Say, your child is prescribed 10ml of Lactulose twice a day as constipation medication. If she is 3 years old (and so about 14 kg in weight), she could have a maximum dose of 15 ml twice a day.

If her stools are still hard after a few days to a week, increase the dose. Start by giving 12.5 ml in the morning and 10 ml at night.

If that isn't enough and the stools are still hard after a few days, increase the dose to 12.5 ml twice a day.

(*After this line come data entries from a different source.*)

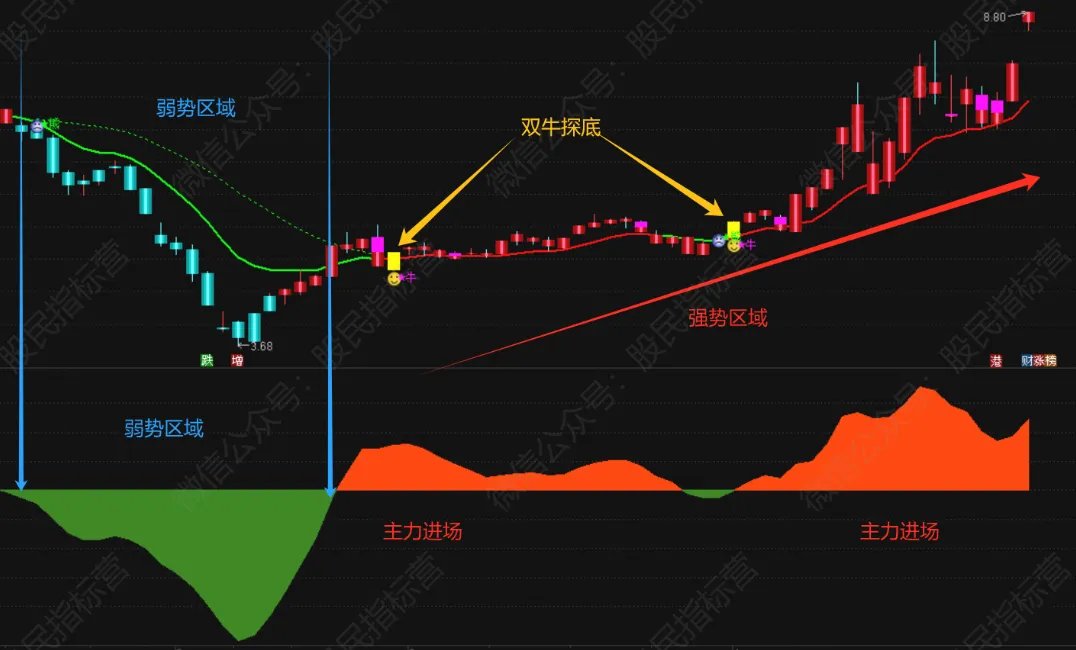 1、双牛共鸣:主图牛点现,副图红域升,此为强势共振;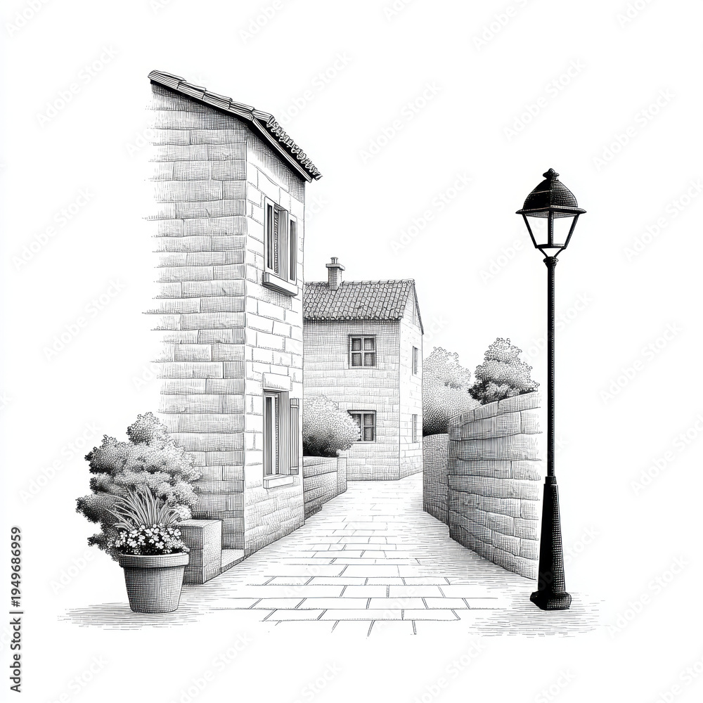 Narrow alley stone house cobblestone path street lamp potted plant Mediterranean village stone wall tiled roof window pathway shrub chimney #1949686959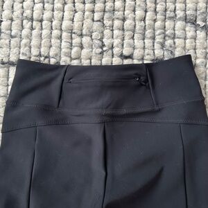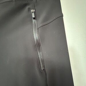• Pants: fitted, ankle length, 2 front zippered pockets, 1 back zippered pocket at waist, 2-inch slits at ankles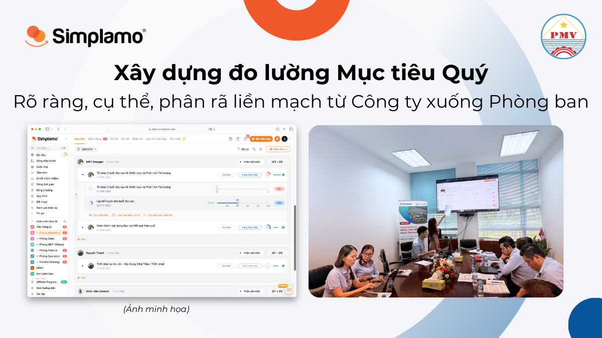 Simplamo đã giúp Phú Mỹ Vinh xây dựng hệ thống Mục tiêu từ cấp công ty đến phòng ban một cách đồng bộ và minh bạch, đảm bảo mọi hoạt động đều hướng về chiến lược chung.
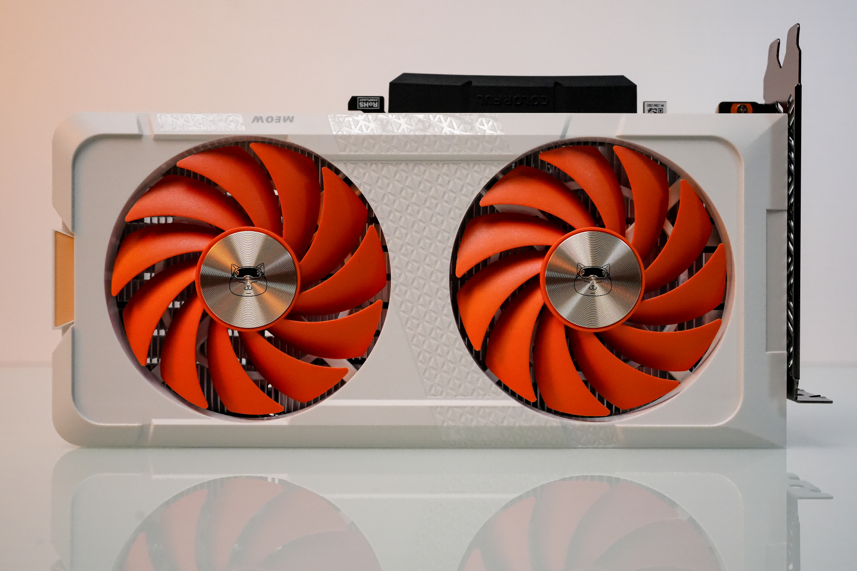 COLORFIREGeForceRTX4060橘影橙8GB整体采用了橘宝身上充满活力的橘色调,并且与灰白色相互融合,带来一种灵动俏皮的视觉美感。双风扇的设计更显紧凑,小巧的显卡,能够装入主流的机箱当中。

And if necessary, you can make a further step to 15 ml in the morning and 12.5 ml at night before needing to go to the full 15 ml twice a day dose.

So the steps up can be:

  • 10 ml morning, 10 ml evening
  • 12.5 ml morning, 10 ml evening
  • 12.5 ml morning, 12.5 ml evening
  • 15 ml morning, 12.5 ml evening
  • 15 ml morning, 15 ml evening

Remember leave at least 3 days to a week between each step of changing the constipation medication (laxative).

Once your child is going to the toilet daily with a soft but formed bowel motion, slowly reduce the dose in small steps - so from 15 ml twice a day to 15 ml in the morning and 12.5 ml at night, and then 12.5 ml twice a day and so on.

Only make a new change after you have waited for a few days to see the effect of the last change. There is no point trying to rush - go at the pace your child's body sets.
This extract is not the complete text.